Bloomberg News

German Quarterly Growth Driven by Exports, Households

August 23, 2012

German Growth Driven by Exports, Households in Second Quarter

The Eurogate container terminal, left, and the HHLA container terminal, right, are seen in Hamburg, Germany. Photographer: Michele Tantussi/Bloomberg

Germany’s economic expansion in the second quarter was driven by exports and household spending, a breakdown of the data shows.

Exports rose 2.5 percent from the first quarter and private consumption increased 0.4 percent, the Federal Statistics Office in Wiesbaden said today. Economic growth slowed to 0.3 percent from 0.5 percent in the first three months of the year, the office said, confirming an initial estimate published Aug. 14. Germany posted a budget surplus of 8.3 billion euros ($10.4 billion), or 0.6 percent of gross domestic product, in the first half, the office said in a separate statement.

Europe’s largest economy is outperforming its euro-area neighbors as the sovereign debt crisis continues to batter nations from Greece to Spain. Exporting companies are benefitting from demand in faster-growing markets outside Europe and unemployment at a two-decade low is bolstering domestic spending. At the same time, the Bundesbank said this week that growth may slow further in the second half due to the prevailing uncertainty.

“German growth remains well balanced but signs of waning strength are increasing,” said Carsten Brzeski, senior economist at ING Group in Brussels. “The sharp drop in new orders from other euro-zone countries since the beginning of the year shows that the euro crisis has already reached the German economy.”

Export Markets

Adidas AG (ADS), the world’s second-biggest sporting-goods maker, this month reported second-quarter profit that topped analysts’ estimates and raised its full-year forecast as revenue increased in China, North America and European emerging markets.

German exports rose more than the 2.1 percent increase in imports in the second quarter so that net trade added 0.3 percentage point to growth, today’s report shows. Private consumption contributed 0.2 percentage point. That helped to offset a drop in company spending.

Capital investment fell 0.9 percent in the quarter, cutting 0.2 percentage point from growth, with spending on plant and machinery down 2.3 percent and construction spending falling 0.3 percent from the first quarter. Domestic demand cut 0.1 percentage point from growth.

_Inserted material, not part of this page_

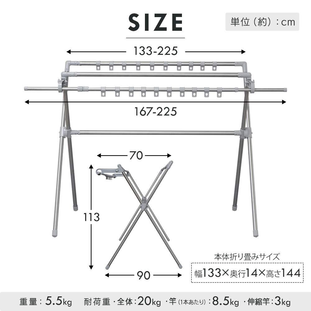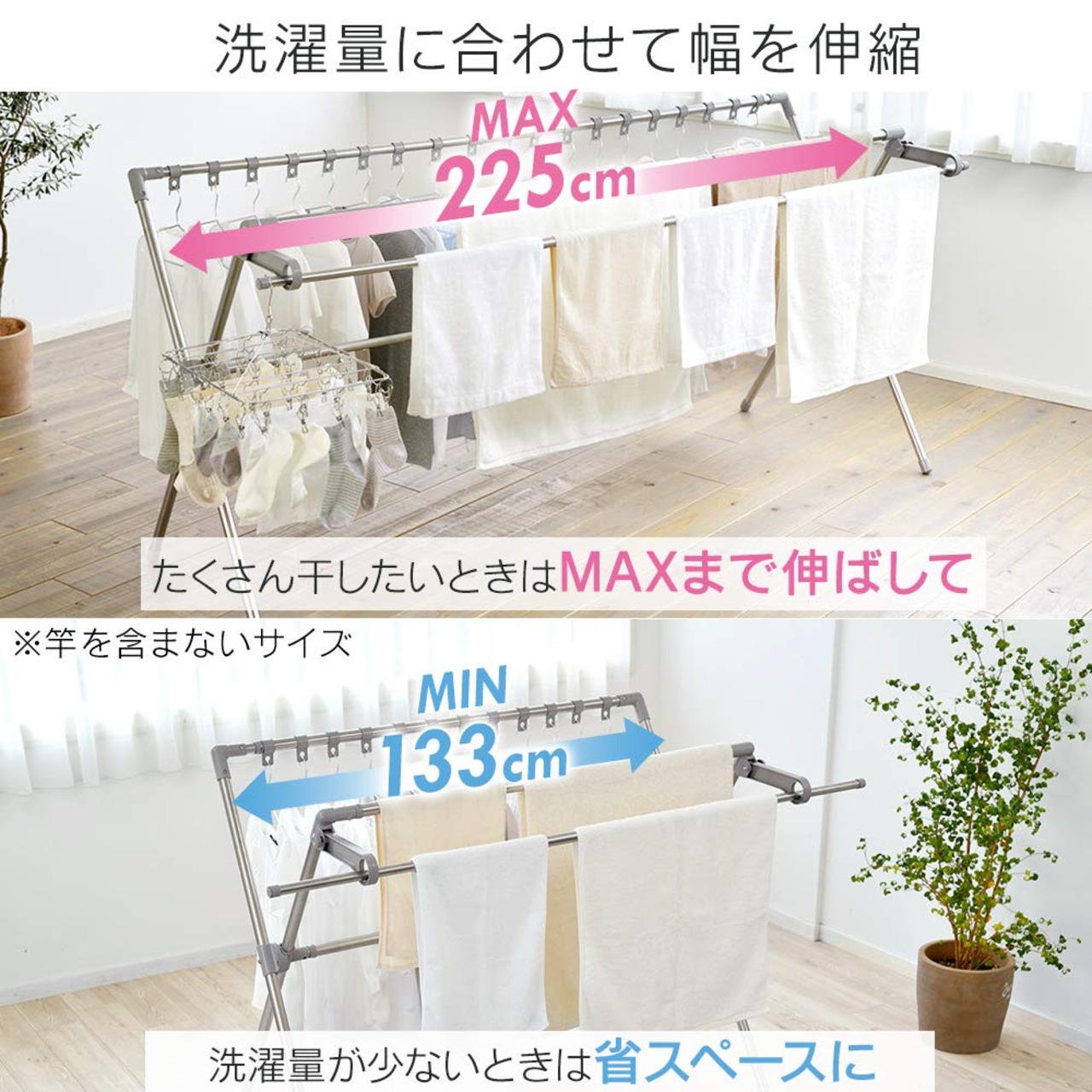 物干し本体と竿、それぞれに伸縮可能。

Still, Germany’s “good economic development” helped it post its first half-year budget surplus since 2008 in the six months through June, the statistics office said. Revenues rose 2.9 percent while spending increased 0.8 percent.

Second-Half Outlook

“German GDP in the second half of the year is likely to stagnate,” said Thomas Costerg, an economist at Standard Chartered Bank in London. “Domestic consumption will remain too weak to offset slowing foreign demand.”

Commerzbank AG (CBK), Germany’s second-largest bank, said Aug. 9 that profit will fall “significantly” in the second half of 2012 as slowing economic growth results in higher loan-loss provisions and mutes clients’ demand for services.

While the 0.3 percent increase in German GDP in the second quarter beat economists’ initial estimate of a 0.2 percent gain, it wasn’t enough to prevent a decline in the euro area.

The 17-nation economy shrank 0.2 percent in the quarter, the European Union’s statistics office in Luxembourg said on Aug. 14, as GDP in at least five countries fell. The statistics office didn’t release quarterly data for Ireland or Malta, which both suffered contractions in the first quarter.

Waning demand in the euro region, Germany’s biggest export market, is damping business confidence, which fell for a third month in July.

“The business climate in Germany isn’t exhilarating at the moment,” said Alexander Koch, an economist at UniCredit Bank AG in Munich. “There are clearly more downward risks now than before.”